**Listed records:**
————

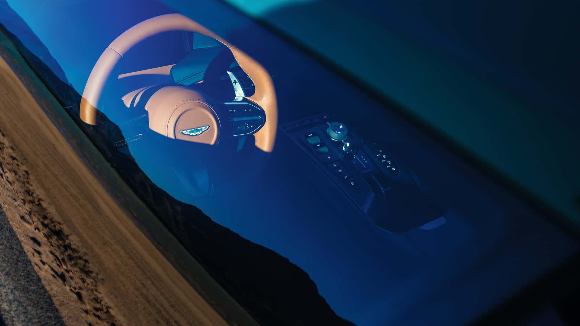 Um dos destaques do interior – além do enorme console central do motorista e do mais fino couro Alcantara – é o novo sistema de infoentretenimento, totalmente projetado e desenvolvido internamente pela Aston Martin. Ele suporta conectividade sem fio com Apple Car Play e Android Auto, um novo sistema de navegação com conectividade online e mapeamento 3D, um aplicativo móvel e atualizações over-the-air.
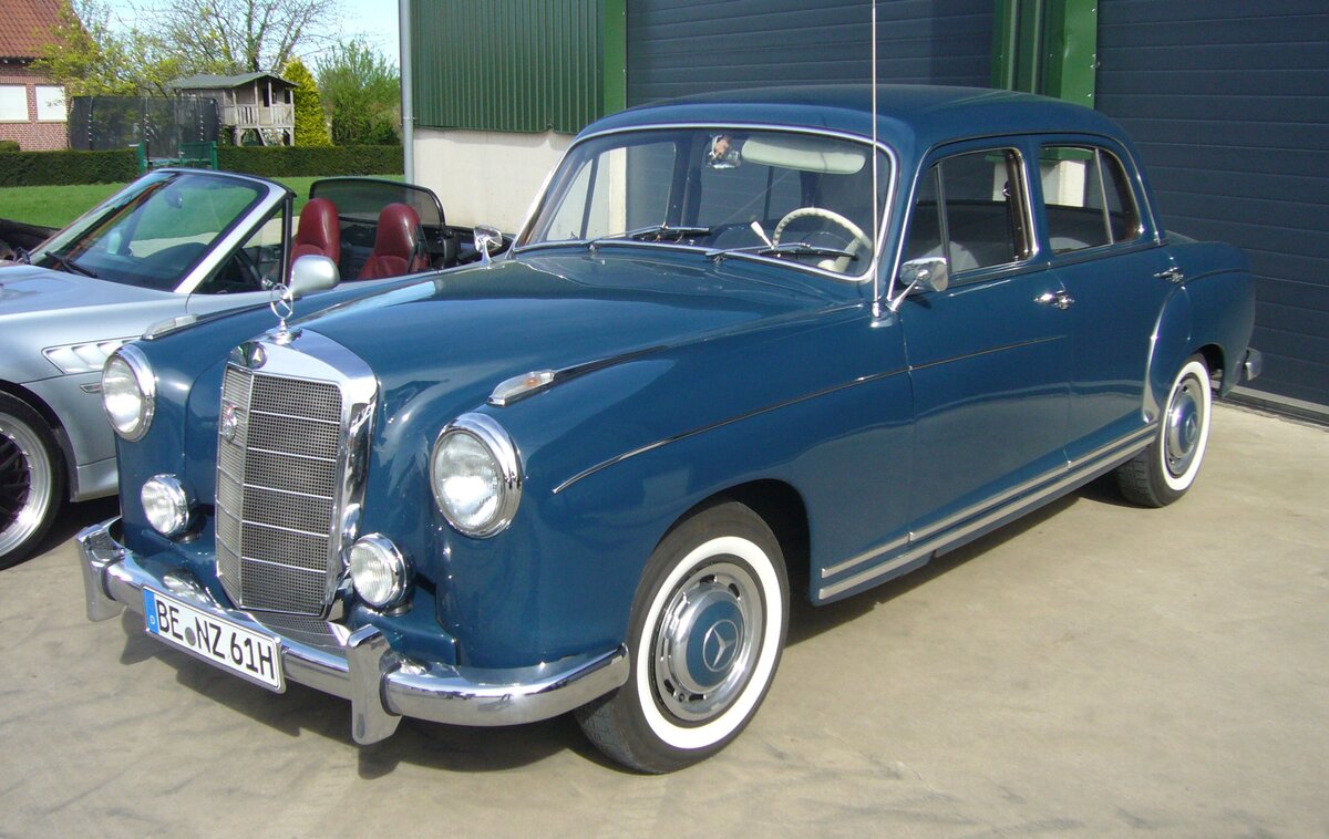 Mercedes Benz W180 II 220S Limousine. Die Baureihe W180 wurde im Jahr 1954 vorgestellt. Von der Optik her ähnelte dieses Modell dem ein Jahr früher vorgestellten W120 (Ponton). Von 1954 bis 1956 wurde der 220 produziert. Ab März 1956 wurde dann der W180 II, besser bekannt als 220S gebaut. Der W180 II war äußerlich an hübscheren Chromverzierungen zu erkennen. Insgesamt verließen 55.279 Fahrzeuge dieses Typs die Werkshallen von Mercedes Benz. Der Grundpreis für ein solches Modell betrug DM 12.500,00. Der Sechszylinderreihenmotor hat einen Hubraum von 2195 cm³ und leistete bis zum Juli 1957 100 PS. Danach erhöhte sich die Leistung auf 106 PS. Ich habe hier ausnahmsweise das Nummernschild nicht unkenntlich gemacht, da ich das Kennzeichen total witzig und passend für diesen Wagen finde. Oldtimertreffen beim Autohaus Voss in Rosendahl-Darfeld am 07.04.2024.
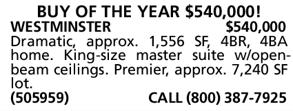 WESTMINSTER $540,000 Dramatic, approx. 1,556 SF, 4BR, 4BA home. King-size master suite w/openbeam ceilings. Premier, approx. 7,240 SF lot. (505959) CALL (800) 387-7925
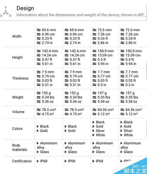 - 尺寸:S7 142.4×69.6×7.9毫米;S7 Edge 150.9×72.6×7.7毫米
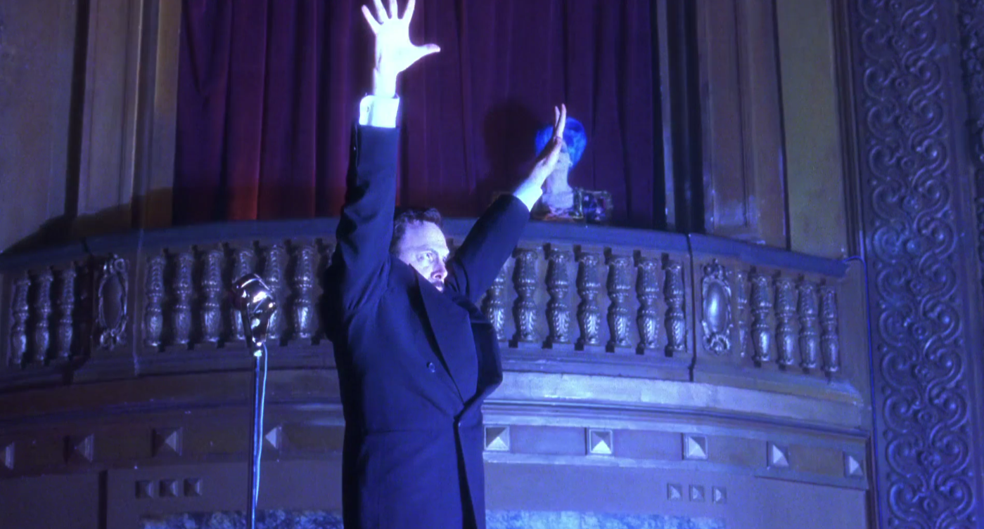 when the magician raises his hands, his fingers hover and cut through the head of the lady on the balcony, and as the thunder strikes, diane is climaxing sexuaully.

————

**Action item:** Lines before the one containing "WESTMINSTER $540,000 Dramatic, approx." are not wanted; write out that line and every later line through the end of the data above, exactly, without pictures.

**Solution below:**
 WESTMINSTER $540,000 Dramatic, approx. 1,556 SF, 4BR, 4BA home. King-size master suite w/openbeam ceilings. Premier, approx. 7,240 SF lot. (505959) CALL (800) 387-7925
 - 尺寸:S7 142.4×69.6×7.9毫米;S7 Edge 150.9×72.6×7.7毫米
 when the magician raises his hands, his fingers hover and cut through the head of the lady on the balcony, and as the thunder strikes, diane is climaxing sexuaully.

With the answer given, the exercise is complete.